August 26, 2007

My Poor Imitation of Augustine, ie, re, re re Confessions

Marc Comtois

Justin, I understand your argument and I may have appeared to have crossed back and forth over a line, so the lack of nuance is my fault. My initial post and response weren't an either/or, but an elaboration that one's perspective of "generic stranger" changes over time.
And I do think this is a fairly nuanced argument. It just has been my experience--and I acknowledge that we equate our own experience with societal generalities at our own peril--that my kids have neither the intellectual nor social sophistication to make the logical jumps you ascribe as possible; ie; that someone else may be a dad and I should be wary, so I should be wary of my own dad. I simply don't agree that kids can make the extensions such that the societal prescription against trusting men is that no dad's can be trusted.

I certainly am not arguing for the over-zealous do-gooders who see a predator in every man. My only perspective is the one I have, that of a Dad--and coach--who can live with being profiled if that allays the fears of parents. I'm confident my actions--getting to know me--will take care of the rest (I hope). I suppose it could be compared to the traffic-camera debate, for instance: if you have nothing to fear, then don't worry. Perhaps I'm stepping back over the libertarian line on this, I don't know. But my gut reaction is to understand the reason why society has gotten to this level of suspicion while also recognizing that it's too bad it has. In the meantime, I think it's up to individuals in their private interactions to show that any initial fears former strangers may have had can be forgotten.

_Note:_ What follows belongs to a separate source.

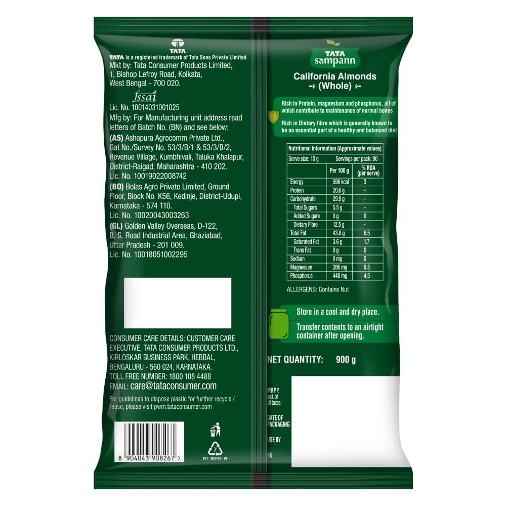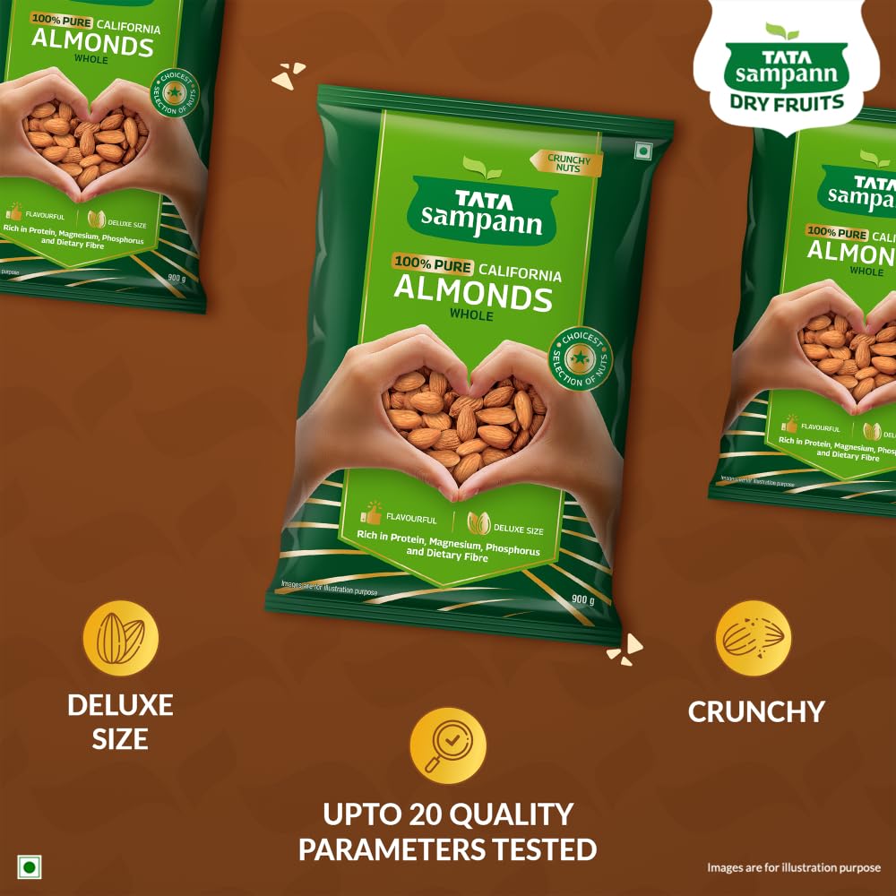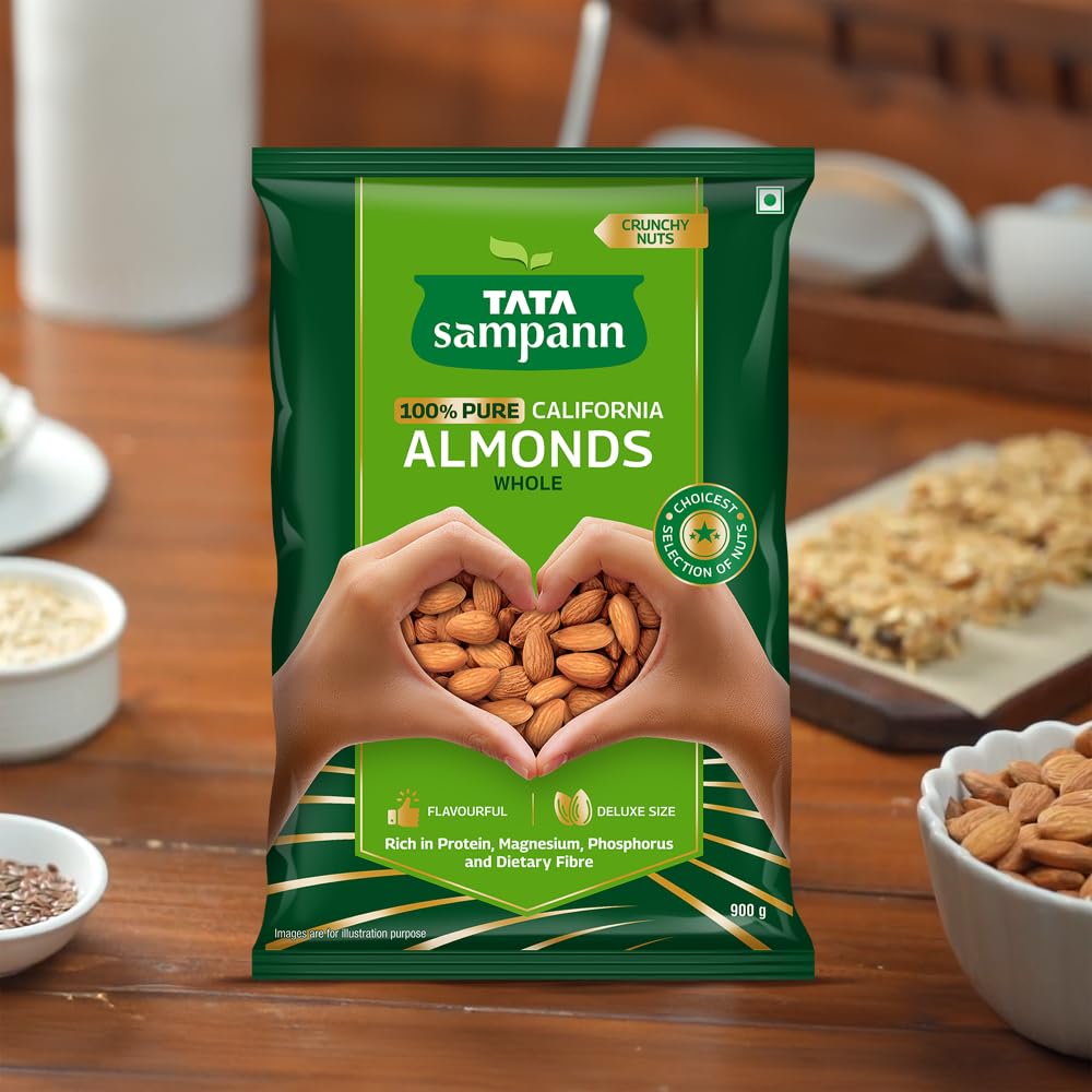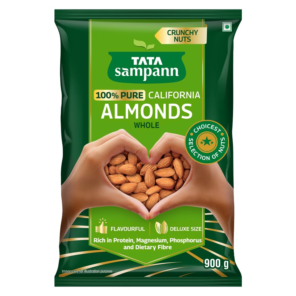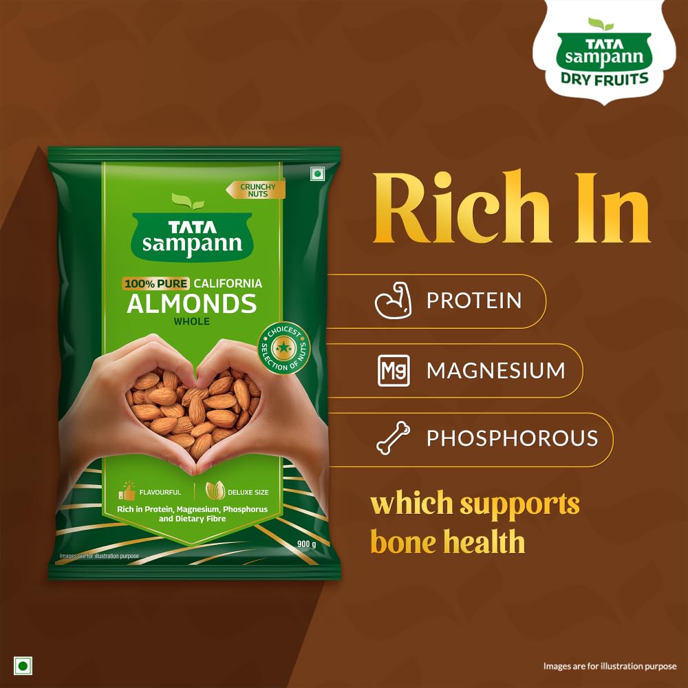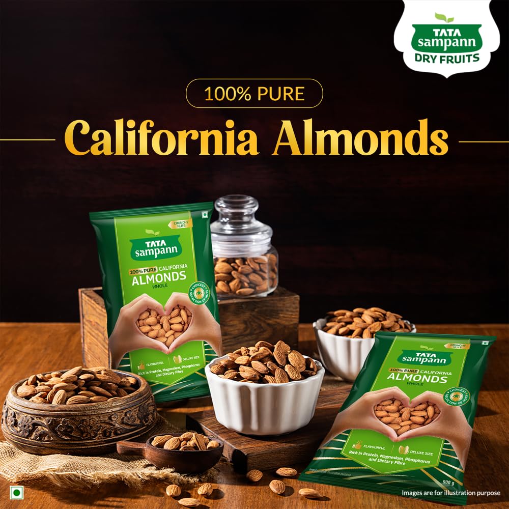 Tata Sampann 100% Pure California Almonds Tata Sampann brings you a whole range of premium dry fruits nuts and raisins for a wholesome snacking experience. With the choicest selection of nuts Tata Sampann 100% Pure California Almonds are grown and harvested in California. Tata Sampann dry fruits go through up to 20 quality parameters to deliver the choicest selection of nuts. Good choice for your well-being Packed with the goodness of protein magnesium phosphorus and dietary fibre Tata Sampann badam are a good choice for your well-being. They are rich in dietary fibre which is generally known to be an essential part of a healthy & balanced diet. Rich in protein magnesium and phosphorus all of which contribute to maintenance of normal bones. So satiate yourself guilt-free with this fulfilling snack or share it with your loved ones. Happy snacking! Turn your snack time delicious and wholesome with these crunchy and flavourful nuts. They are perfect to curb your hunger in between meals and make for a great addition to your diet. Add these almonds to your cooking practices and upgrade your favourite dishes to yummy delights.

I think you're arguing that our admittedly too-cautious approach--the thickening of the cocoon--is actually perpetuating the problem and causing long term defects in our a priori view of men in particular and other people whom we don't know in general. And if "society increasingly pushes aside the very people who most needed its direction...." well, hasn't it always been thus? Maybe this is too cynical, but I think that these socially maladjusted individuals have always been around, we're just more aware of them now. That was another point in my original post, mass-media certainly increases the decibel level on these things and affects our perception--and resultant reaction--to tragedies of all types. And now we could get into a multi-beer discussion on cause and effect, but I won't.

Look, I know that I'm arguing from primarily a personal level. I recognize that by buying into profiling even in its lightest form that I may, somehow, be contributing to some big-picture consequences for all men. (Heck, maybe it's because I have only daughters). But I'm just not as concerned over your "what ifs" on this one, that's all. We should certainly take the "do-gooders" to task when they go too far, we just might not agree on how far that is.